通过相互作用能计算和残差相关分析来合理化工程t细胞受体在癌症免疫治疗中的增强亲和力。

T细胞工程技术的进步极大地改变了癌症免疫治疗领域。特别是，配备修饰T细胞受体的T细胞提出了一种有希望的治疗策略，特别是针对实体瘤。然而，关键的障碍，包括不理想的临床反应率、脱靶毒性和肿瘤微环境的免疫抑制性质，阻碍了这种方法的全面临床实施。了解控制t细胞受体和主要组织相容性复合体分子之间相互作用的分子决定因素，不仅对于设计能够选择性和有效识别癌细胞上MHC的tcr至关重要，而且对于最小化脱靶毒性也至关重要，从而提高基于tcr的治疗的安全性。在这项研究中，我们使用了一个涉及天然TCR （c728）及其亲和增强变体（c796）的测试案例，它们在β CDR1 $$ \beta\ \mathrm{CDR}1 $$区域存在单个保守突变。通过分子动力学模拟、MM/PBSA结合能和自由能摄动计算、残基比能分解和相关分析，我们剖析了工程TCR与肽- mhc复合物的结合亲和力比亲本提高6倍的分子基础。有趣的是，我们的研究结果表明，这种亲和力增强并不直接归因于突变本身，而是与突变直接相关或通过变构途径连接的近端和远端残基的动态相互作用。我们的研究结果与实验数据一致，强调了结构灵活性和变构通信在形成TCR-pMHC相互作用中的微妙作用。通过展示结合计算技术来揭示这些动态的效用，这项工作强调了类似的方法如何指导工程化tcr的合理设计，提高其疗效和特异性，推进其在癌症免疫治疗中的应用。

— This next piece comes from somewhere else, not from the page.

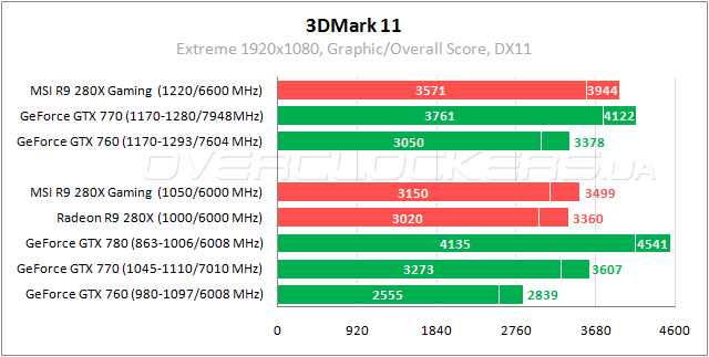 Radeon R9 280X вырывает победу у GeForce GTX 770, обгоняя соперника на 6–9%. С разгоном удается обойти и GeForce GTX 780.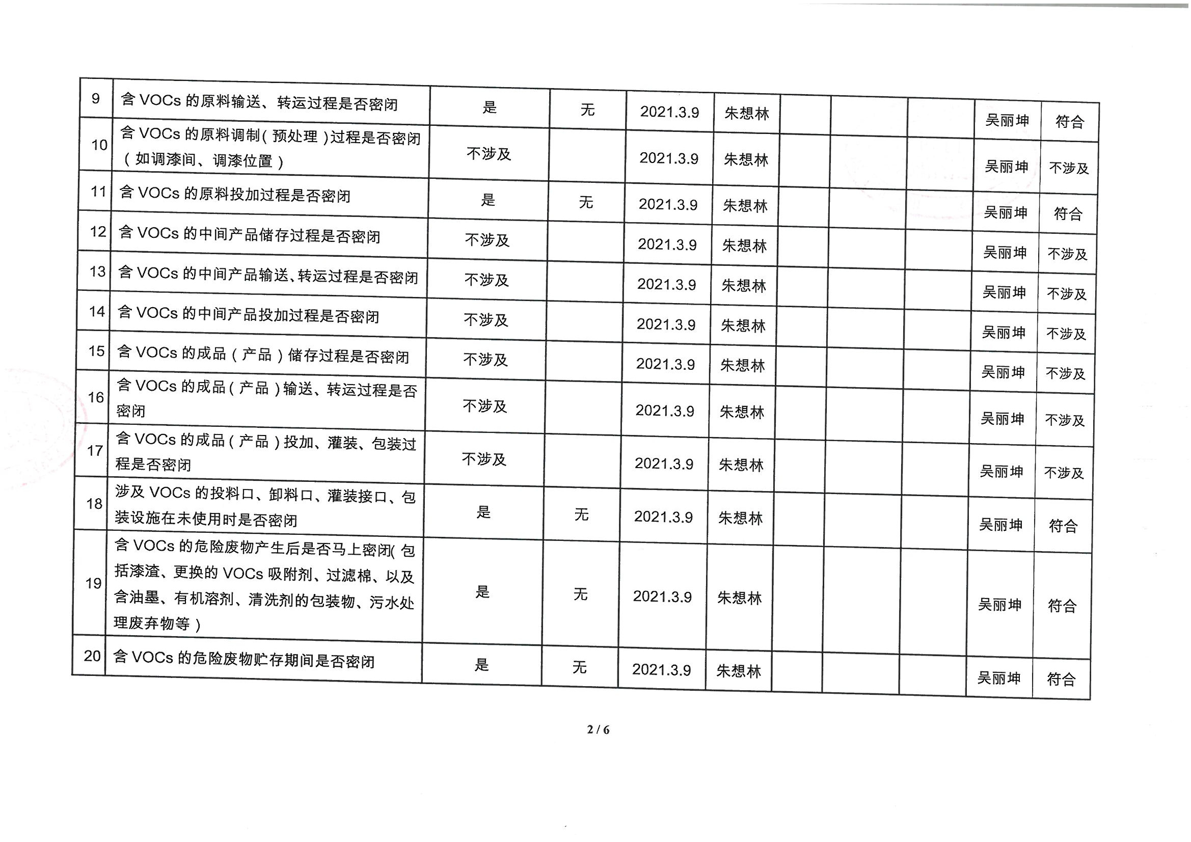 廈門(mén)市揮發(fā)性有機(jī)物污染防治企業(yè)自查表 (2021年 第一季度)

本文章由计算机程序翻译，如有差异，请以英文原文为准。

求助全文

约1分钟内获得全文求助全文

来源期刊

Proteins-Structure Function and Bioinformatics 生物-生化与分子生物学

CiteScore

5.90

自引率

3.40%

发文量

172

审稿时长

3 months

期刊介绍： PROTEINS : Structure, Function, and Bioinformatics publishes original reports of significant experimental and analytic research in all areas of protein research: structure, function, computation, genetics, and design. The journal encourages reports that present new experimental or computational approaches for interpreting and understanding data from biophysical chemistry, structural studies of proteins and macromolecular assemblies, alterations of protein structure and function engineered through techniques of molecular biology and genetics, functional analyses under physiologic conditions, as well as the interactions of proteins with receptors, nucleic acids, or other specific ligands or substrates. Research in protein and peptide biochemistry directed toward synthesizing or characterizing molecules that simulate aspects of the activity of proteins, or that act as inhibitors of protein function, is also within the scope of PROTEINS. In addition to full-length reports, short communications (usually not more than 4 printed pages) and prediction reports are welcome. Reviews are typically by invitation; authors are encouraged to submit proposed topics for consideration.